We concur with the Solicitor General's view that under the foregoing circumstances,
respondent's act of preparing the motion to dismiss and stating in the course of the
hearing thereof that he was intervening "in behalf of the complaining party", did not
constitute simultaneous appearance in behalf of the contending parties since there was
no longer any conflict to speak of, the complainant having desisted from prosecuting
the case against the accused.

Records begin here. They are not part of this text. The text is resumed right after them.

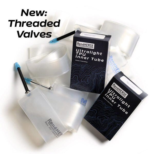 Rene Herse TPU tubes have patented all-metal valves. This eliminates the mysterious leaks that can occur with plastic valve stems—they tend to deform when the metal valve cores are screwed in.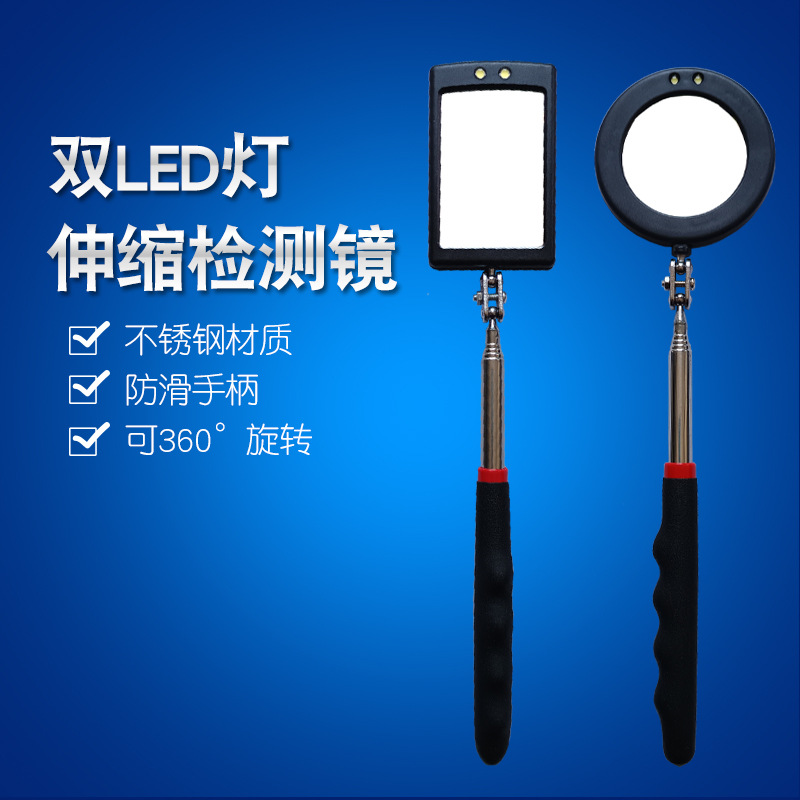 스테인레스 스틸 망원경 시각 검사 거울 이중 LED 조명 사각형 원형 50mm 자동 수리 섀시 검사 거울스토어 가기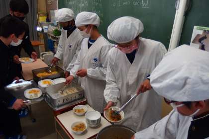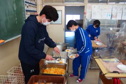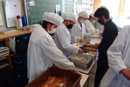 1年生の給食の配膳の様子です。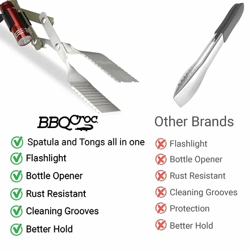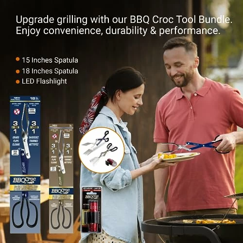 - ENHANCED GRILLING EXPERIENCE: Experience grilling like never before with the BBQ Croc’s ergonomic non-slip handles and serrated edges on the spatulas. The new bottle opener adds a convenient twist, allowing you to enjoy your favorite beverages while tending to the grill. With an extended length of over 18 inches, your hands stay safe from the heat.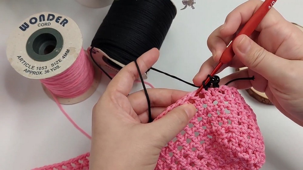 The pattern is repeated in rounds until the bag reaches the desired height. If you’d like a wider base, simply add more rows before transitioning. For a professional look, secure the ends of nylon cords with a lighter to prevent fraying.

Consequently, there was nothing improper in
respondent's conduct.
Upon the facts established in connection with the first count the Solicitor General has
recommended that the penalty of reprimand and warning be administered, citing the

decision of this Court in a comparable case, Caoibes vs. de la Rosa, 27 Phil. 265. We
believe the recommendation is justified.
WHEREFORE, respondent Juanito T. Hernandez is hereby reprimanded and warned
that a repetition of unprofessional conduct on his part will be dealt with more
severely. Let this decision be noted in respondent's record as a member of the Bar.
Concepcion, C. J., Reyes, J.B.L., Dizon, Zaldivar, Sanchez, Castro, Fernando and
Capistrano, JJ., concur.

Footnotes
1

Reiterated in Sumangil vs. Santo Roman, 84 Phil. 777.